Drop the pictures; give again exactly the lines from the one holding "Worcester St: By" through the end of the data.

RECORDS SHOWN section start

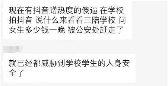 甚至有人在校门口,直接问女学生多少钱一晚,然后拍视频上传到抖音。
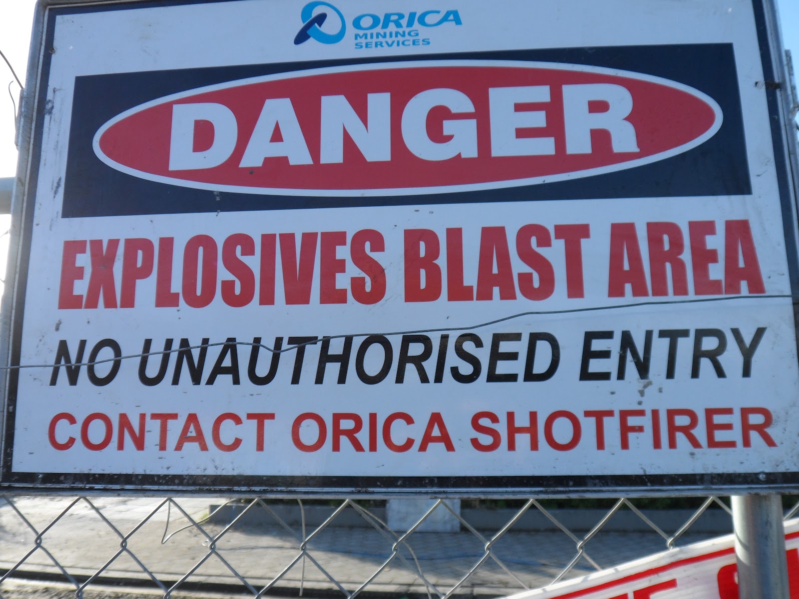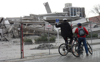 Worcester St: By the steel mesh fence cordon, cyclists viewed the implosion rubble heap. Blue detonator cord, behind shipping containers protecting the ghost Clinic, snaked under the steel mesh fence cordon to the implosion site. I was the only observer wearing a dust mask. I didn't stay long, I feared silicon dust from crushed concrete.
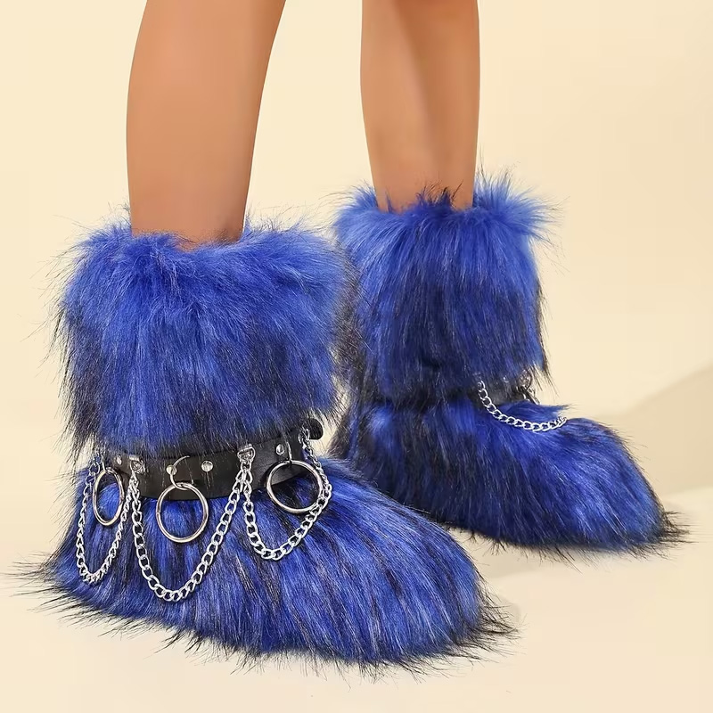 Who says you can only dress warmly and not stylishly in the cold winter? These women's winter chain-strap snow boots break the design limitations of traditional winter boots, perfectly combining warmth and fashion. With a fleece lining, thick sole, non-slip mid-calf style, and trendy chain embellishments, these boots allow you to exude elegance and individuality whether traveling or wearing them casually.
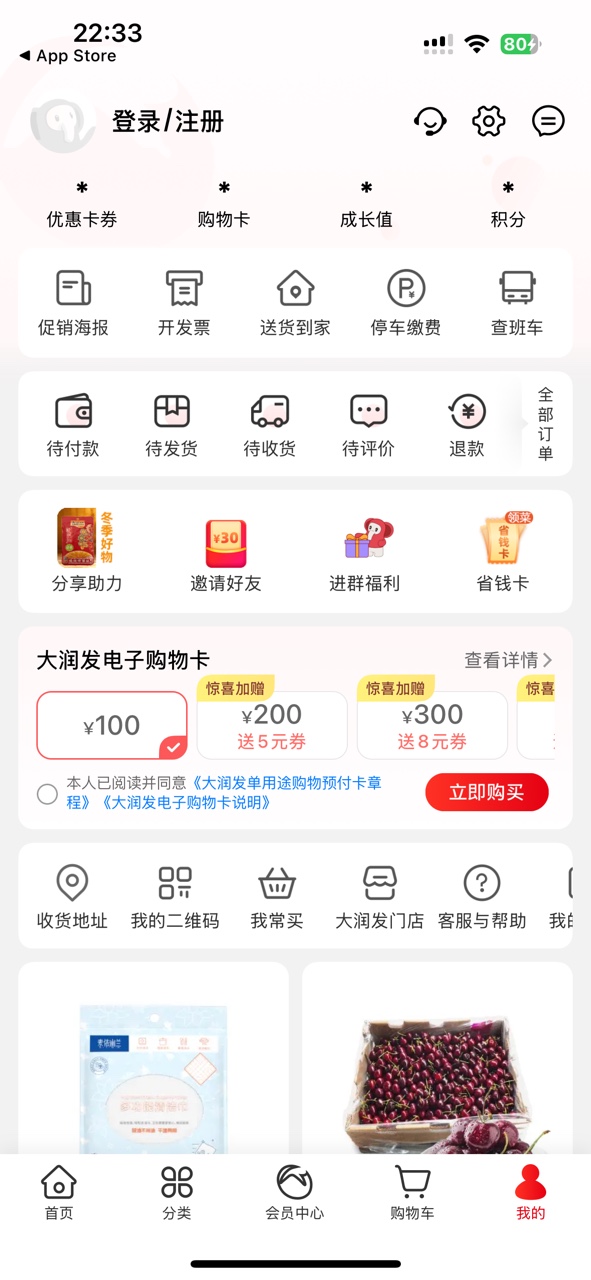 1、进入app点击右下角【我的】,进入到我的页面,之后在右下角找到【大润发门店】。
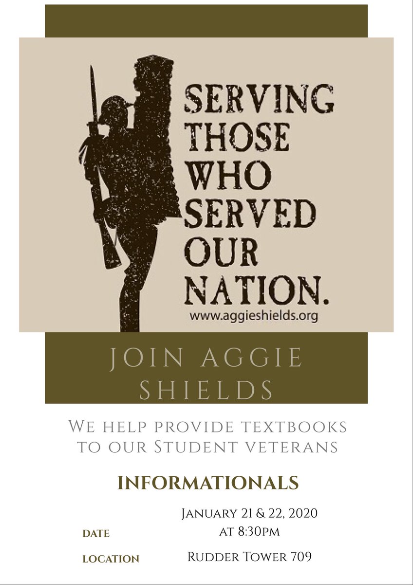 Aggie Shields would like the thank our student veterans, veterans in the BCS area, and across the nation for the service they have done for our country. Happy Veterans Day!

RECORDS SHOWN section end

__ANSWER SPACE__.
 Worcester St: By the steel mesh fence cordon, cyclists viewed the implosion rubble heap. Blue detonator cord, behind shipping containers protecting the ghost Clinic, snaked under the steel mesh fence cordon to the implosion site. I was the only observer wearing a dust mask. I didn't stay long, I feared silicon dust from crushed concrete.
 Who says you can only dress warmly and not stylishly in the cold winter? These women's winter chain-strap snow boots break the design limitations of traditional winter boots, perfectly combining warmth and fashion. With a fleece lining, thick sole, non-slip mid-calf style, and trendy chain embellishments, these boots allow you to exude elegance and individuality whether traveling or wearing them casually.
 1、进入app点击右下角【我的】,进入到我的页面,之后在右下角找到【大润发门店】。
 Aggie Shields would like the thank our student veterans, veterans in the BCS area, and across the nation for the service they have done for our country. Happy Veterans Day!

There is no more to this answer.